Personal information
- Born: 19 June 1899 Eger, Hungary
- Died: 6 September 1960 (aged 61) San Francisco, California, United States

Sport
- Sport: Fencing

Medal record
Men's fencing
Representing Hungary
Olympic Games
| Gold medal – first place | 1932 Los Angeles | Sabre, individual |
| Gold medal – first place | 1932 Los Angeles | Sabre, team |

= György Piller =

Hungarian fencer (1899–1960)

George Piller (born György Jekelfalussy-Piller) (June 19, 1899 – September 6, 1960) was an Olympic and world champion fencer from Hungary in the 1920s and 1930s who became an internationally respected world-class fencing master in Hungary and the United States in the 1950s.

==Early life==
He was born György Jekelfalussy-Piller on June 19, 1899 in Eger, Hungary. Early on he decided on a military career. By 1920, he had graduated from the Ludovica Military Academy where he began training at the fencing school. He became an army officer, but continued his fencing career. He subsequently attended the fencing academy at the Toldi Miklos Royal Hungarian Sports Institute where he became a pupil of the legendary fencing master László Borsody.

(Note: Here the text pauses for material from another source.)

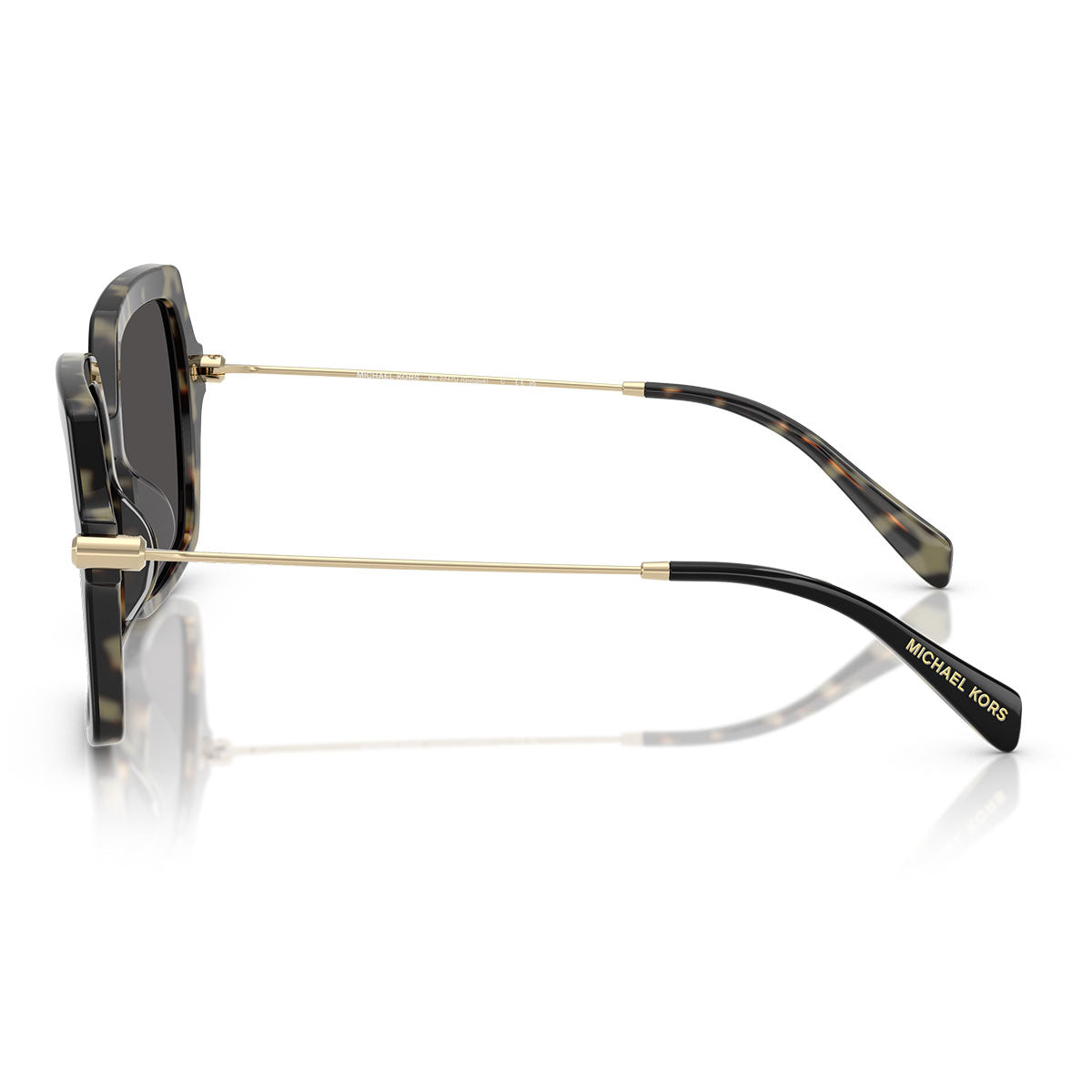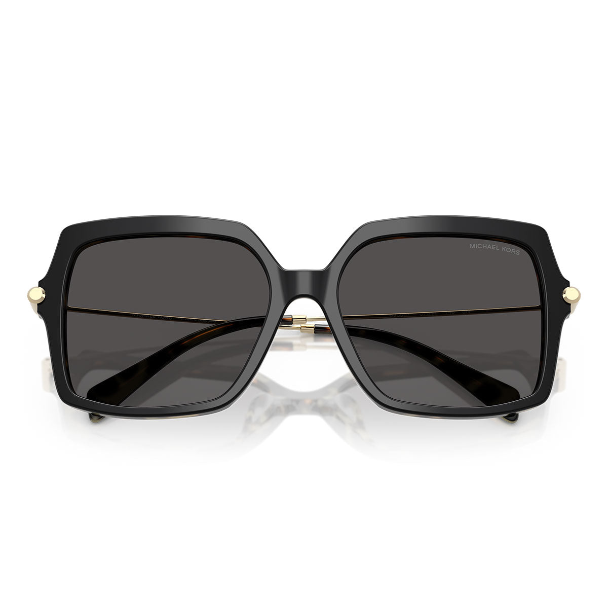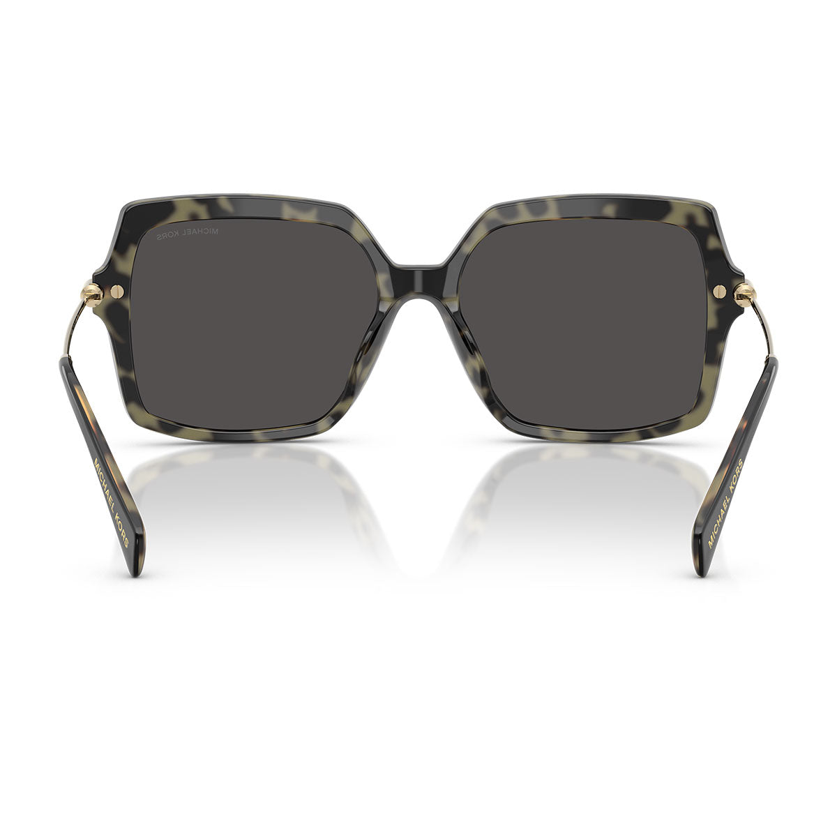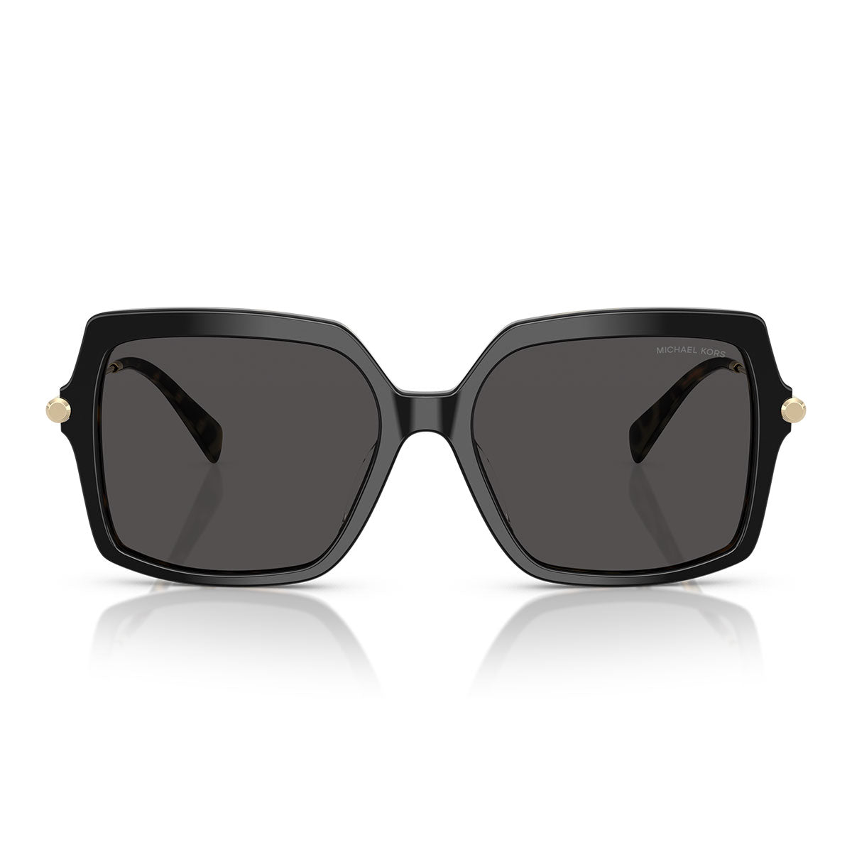 An oversized square silhouette crafted in elegant acetate sets the tone for an uncompromising style. The front Astor buttons—a nod to the acclaimed MK hardware—add a touch of industrial sophistication. Mixed-material construction: acetate front meets metal temples.

==Olympic and world champion fencer==
His talent led to championships and Olympic gold. In 1930 and 1931, and 1933 he won the gold medal in individual saber at the World Championship. In the fencing events at the 1932 Olympics, in Los Angeles, Piller took 1st place individually in saber and 1st place in team saber. He was awarded the saber team gold medal at the 1933 International Fencing Championship in Budapest. He was Hungarian foil champion six times.

==World-class fencing master==
In 1951, Piller became a coach and fencing master. He was the coach of the 1956 Melbourne Olympic Gold Medal Hungarian Saber Team Fencing at the 1956 Summer Olympics and defected with the team to the United States after Soviet suppression of Hungarian Uprising in 1956. He Americanized his name to George Piller.

By 1958 he had become the fencing master at the University of California at Berkeley. His success there, aided by World Champion saberman Daniel Magay, was immediate.

The University of California 1958 Cal Blue and Gold Yearbook stated: "Coach George Piller in his first year at Cal, trained a championship team. The future looks very promising for fencing at the University of California. After a long struggle for survival without the services of a coach, Cal fencers were fortunate in getting George Piller to serve as their coach, since Mr. Piller is considered one of the world's greatest fencing masters.". The 1959 Yearbook continued: "Cal's Fencing Team, coached by famed Hungarian Master George Piller, enjoyed a successful 1958-59 The Bears beat Stanford, San Jose State, SF State, University of Arizona, and the Air Force Academy to emerge as champions of the Western Intercollegiate Fencing Conference. This feat earned them five first-place trophies."

Piller also became the fencing master at the Pannonia Athletic Club, whose fencers also won many championships at the amateur level. Some of his notable students included Daniel Magay, Maestro Charles Selberg and John McDougall.

Piller died from a terminal illness in San Francisco, California, on September 6, 1960. The high calibre of his successors was a testament to his greatness: he was followed at University of California Berkeley by Maestro Julius Palffy-Alpar and his successor at Panonia Athletic Club was Maestro Ferenc Marki.